Baroness Butler Sloss made a dignified exit as chair of the new overarching child sexual abuse inquiry today because of a damaging conflict of interest caused by her dead brother, the former attorney general, Michael Havers.
Her decision was announced after it was publicly revealed on the Exaro website that her brother ,Lord Havers effectively skewed the terms of reference of a inquiry under the late judge William Hughes to concentrate only on staff abusing boys and not possible prominent visitors to the Kincora boys home who are alleged to have abused them.
As Zac Goldsmith MP said on the BBC’s World at One: |”These kind of things are really big and it’s inevitable that a proper, all-encompassing inquiry would find its way all the way to Kincora. It would look at who set the terms of reference. It would look at who was excluded, who was protected by the terms of reference. And that would lead to Havers himself, who was responsible for that.”
Those who study publicly available documents can see both from the terms of the inquiry and an intriguing Cabinet minute already published on this website which hoped this inquiry would end “rumour and unfounded accusations”. about sexual abuse at the home.
The judge himself made pointed remarks:.
He wrote: “The conduct of the police, or elected representatives, or clergymen, or military intelligence or any other persons who may have been in receipt of allegations, information or rumours relating to Kincora or any other home, was not under scrutiny in this inquiry.”

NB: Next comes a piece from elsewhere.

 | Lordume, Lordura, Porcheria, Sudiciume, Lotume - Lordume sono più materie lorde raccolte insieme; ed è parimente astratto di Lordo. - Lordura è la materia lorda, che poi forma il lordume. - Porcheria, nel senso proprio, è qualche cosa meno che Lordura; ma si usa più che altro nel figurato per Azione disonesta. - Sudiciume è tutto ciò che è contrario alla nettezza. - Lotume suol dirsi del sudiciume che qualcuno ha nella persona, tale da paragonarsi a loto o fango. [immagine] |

What was missing was finding a source who could connect the setting of the terms of reference directly to the then attorney general, Sir Michael Havers.
Both me and my ex Guardian colleague David Pallister were able to do precisely that over the weekend. A top level source whose name we agreed to protect said : “Havers briefed him, and it was Havers who gave the terms of reference to him.”
From entirely separate sources I have been aware that Theresa May has known that this could surface over the weekend and that it could cause immense problems for Baroness Butler-Sloss if she started to probe into the Kincora inquiry and the current inquiry going on in Northern ireland about historic child sexual abuse. But no action was taken.
To put in context Baroness Butler-Sloss is not to blame for this. She is literally in this case not her brother’s keeper. Nor is Theresa May who I have on good authority i\s committed to tackling this problem and was always more sympathetic to an overarching inquiry than David Cameron.
From yet another source the indecent rush to appoint someone to head the inquiry lies at the door of Downing street which shocked by the slur of child abuse stories making headlines on Sunday made a rushed decision to set up an inquiry after ignoring the views of 145 MPs.
The real lesson from this latest incompetent and botched up initiative is that people need to reflect on who they want and take into account the views of victims and child experts before rushing to fix a problem. The lesson is stay calm and sort it out properly. Otherwise it is just another episode for Yes, Prime Minister.